Since 2020, Blåhaj has also been associated with the LGBTQ and particularly transgender communities, in part because observers noticed that the primary colors of the toy (blue body, pink mouth, and white belly) matched the colors of the transgender flag. IKEA acknowledged this phenomenon when the company ran a series of ads supporting the 2021 Swiss same-sex marriage referendum. One such ad featured Blåhaj in bed with IKEA's polar bear toy, Snuttig (/sv/). Some transgender people buy a Blåhaj or are gifted one as a rite of passage after coming out.

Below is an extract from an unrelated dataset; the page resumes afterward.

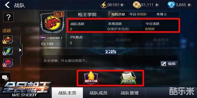 战队也有了,人也招了,接下来就是管理战队了。战队管理是一件很不容易的事,战队目前有队长和副队长两种职位,队长可以转让,副队长由队长任命,且副队长的名额随战队等级提升而增加。队长拥有入队审批、改公告、战队设置、成员管理、解散战队等所有权限,而副队只拥有前两个权限。这些管理主要使用的就是前四个,而成员管理中的任命副队和踢人就需要对每个人的贡献来决定了。

The toy continued to inspire memes and social media posts on Instagram, Twitter, and TikTok, and is a popular product in numerous territories. A subreddit with over 103,000 members dedicated to Blåhaj was made, where people post memes and images of their Blåhajs "doing silly things". Blåhajs also made a brief appearance in the Marvel Studios-produced television series Hawkeye.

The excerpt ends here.